- From: Henri Sivonen <hsivonen@iki.fi>
- Date: Fri, 21 Mar 2008 11:55:58 +0200
- To: HTML WG <public-html@w3.org>
> The user agent may attempt to autodetect the character encoding from > applying frequency analysis or other algorithms to the data stream. > If autodetection succeeds in determining a character encoding, then > return that encoding, with the confidence tentative, and abort these > steps. I think only US-ASCII superset encodings should be allowed as outcomes of heuristic encoding detection. If a page is misdetected as UTF-16, there's no later meta recourse.
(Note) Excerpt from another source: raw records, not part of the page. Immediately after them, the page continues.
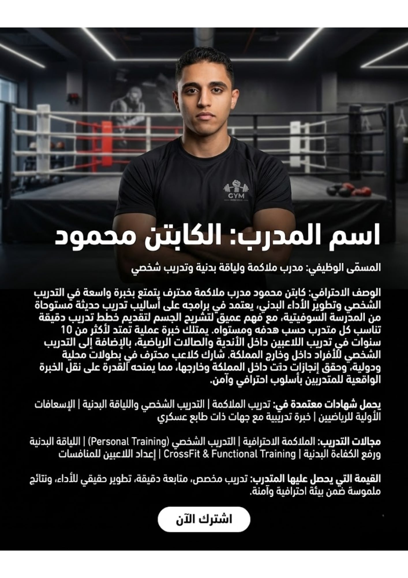 يُقدَّم التدريب داخل النادي بأعلى معايير السلامة والاحتراف، تحت إشراف مدرب معتمد وحاصل على شهادات احترافية في الملاكمة، اللياقة البدنية، والإسعافات الأولية للرياضيين.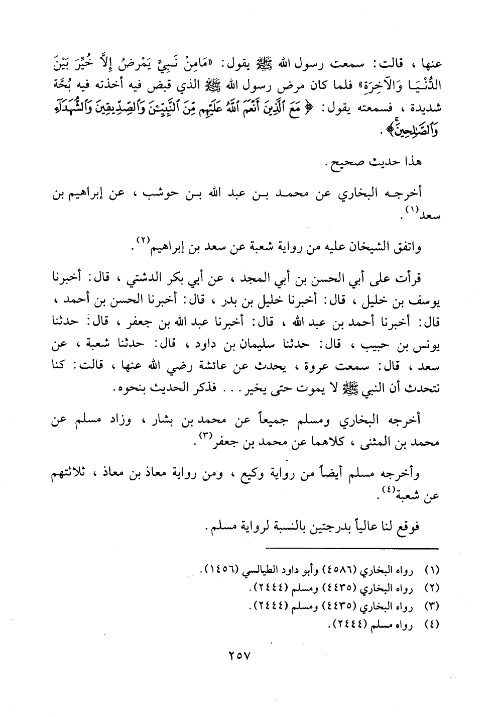 عنها، قالت: سمعت رسول الله صلى الله عليه وسلم يقول: ((ما من نبي يمرض إلا خير بين الدنيا والآخرة)) فلما كان مرض رسول الله صلى الله عليه وسلم الذي قبض فيه أخذته فيه بحة شديدة، فسمعته يقول: {مع الذين أنعم الله عليهم من النبيين والصديقين والشهداء والصالحين}.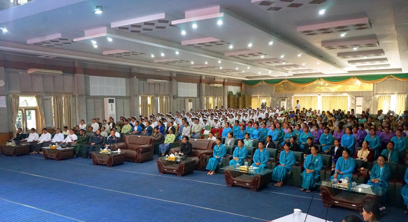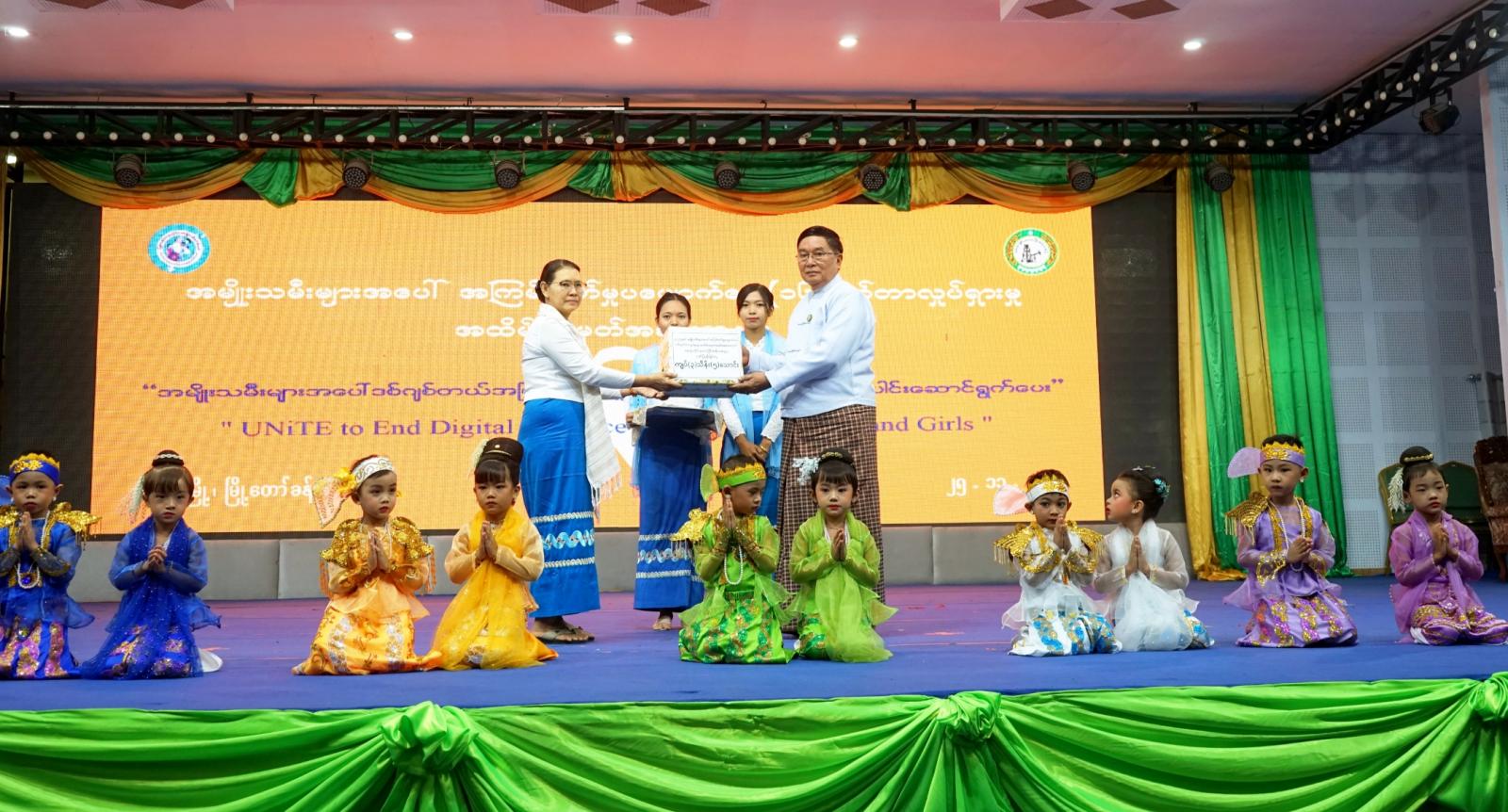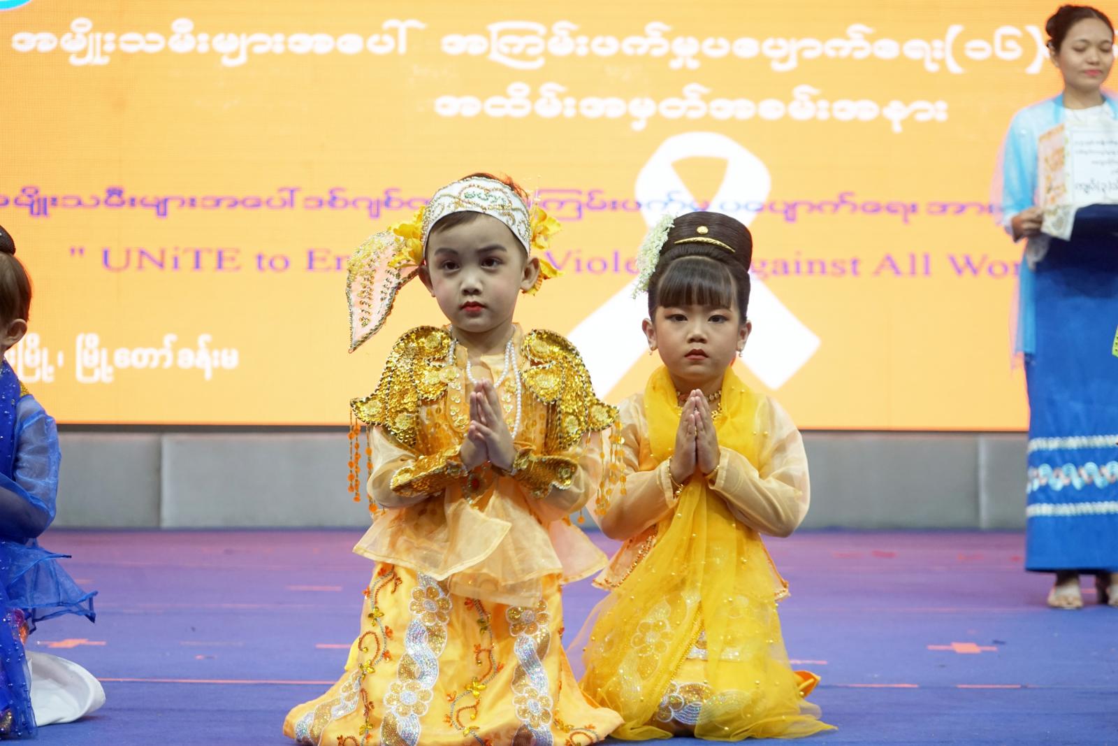 ထို့နောက် အမျိုးသမီးများအပေါ် အကြမ်းဖက်မှုပပျောက်ရေးဆိုင်ရာ အသိပညာပေးဗီဒီယိုကလစ်အား ပြသခဲ့ပြီး မိခင်မေတ္တာမူကြိုကျောင်းမှသမီးငယ်လေးများမှ “ဗမာမလေး” တေးသီချင်းဖြင့်လည်းကောင်း၊ မကွေးကလေးပြုစုရေးဌာန မှ သမီးငယ်လေးများမှ ’’သဘင်သည်မလေးမနှင်းဆီ” တေးသီချင်းဖြင့်လည်းကောင်း၊ မကွေးမူကြိုကျောင်းမှ ကလေးငယ်လေးများမှ ”အတူတွဲကာ” တေးသီးချင်းဖြင့်လည်းကောင်း ကပြဖျော်ဖြေတင်ဆက်မှုများကို ကြည့်ရှုအားပေးခဲ့ကြပြီး ကပြဖျော်ဖြေတင်ဆက်ခဲ့ကြသည့် သားငယ်သမီးငယ်လေးများ အားတိုင်းဒေသကြီးဝန်ကြီးချုပ်က ဂုဏ်ပြုဆုတော်ငွေနှင့် အမှတ်တရလက်ဆောင်ပစ္စည်းများ ပေးအပ်ခဲ့ကြောင်း သိရသည်။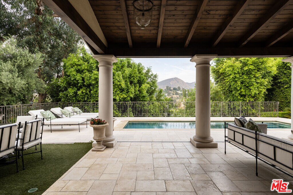 This exceptional Hollywood Hills villa, blending European charm with a contemporary allure, offers a rare, large lot allowing for a secure gated entry and motor court, lush succulent gardens, privacy hedges, an expansive loggia, pool, spa, bbq area, putting green, and fire-pit, all to be enjoyed while absorbing exciting views with front row seats to Universal's July 4th firework display. From the gated driveway, enter the courtyard to find welcoming French doors revealing the formal living area with stone flooring, high beamed ceilings, furniture quality built-ins and a gas burning fireplace ready to soar. A lovely bar area provides a seamless transition to the dining area, where another fireplace creates an intimate ambiance for memorable meals. The center-island kitchen offers gorgeous marble finishes, top-of-the-line stainless appliances and a cozy breakfast nook that bathes in natural light. On the main floor there is a powder room for the service of guests, two en-suite bedrooms, and a laundry room. Upstairs find two additional en-suite bedrooms, with the primary suite offering two closets, one being a large walk-in with cedar lining. The finished garage is equipped with a 240V wall outlet for charging electric cars. The location of this villa is just as enticing as the property itself, easy to reach and conveniently close to major studios, Studio City's renowned dining, shopping and bar scene, Hollywood's vibrant entertainment, and easy freeway and metro access to explore all that greater Los Angeles has to offer. MLS# 26658739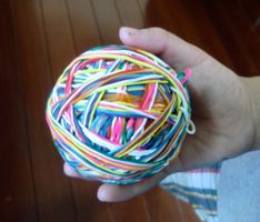 そしてこちらは先日の輪ゴム。一旦家に持って帰ったあやとくん(小2)は、お母さんに輪ゴムを買ってもらって、巻いて巻いて巻いて・・・また教室に持ってきてくれました。こちらもずっしりと迫力ありました〜〜〜。

Consider this case that I just programmed around: A Russian page is encoded as Windows-1251. The page fails the meta prescan. A heuristic detector misdetects the page as UTF-16 Chinese. A later meta gets garbled and the parser output is garbage. When only US-ASCII supersets can be detected, a later meta will set things right even if the heuristic detector fails. I don't have statistics to back this up, but my educated guess based on anecdotal evidence is that HTTP-unlabeled UTF-16BE and UTF-16LE (i.e. BOMless) is very rare if not non-existent on the Web. On the other hand, Russian pages that CJK-biased detector software can misdetect as UTF-16 are a more likely occurrence on the Web. -- Henri Sivonen hsivonen@iki.fi http://hsivonen.iki.fi/
Received on Friday, 21 March 2008 09:56:45 UTC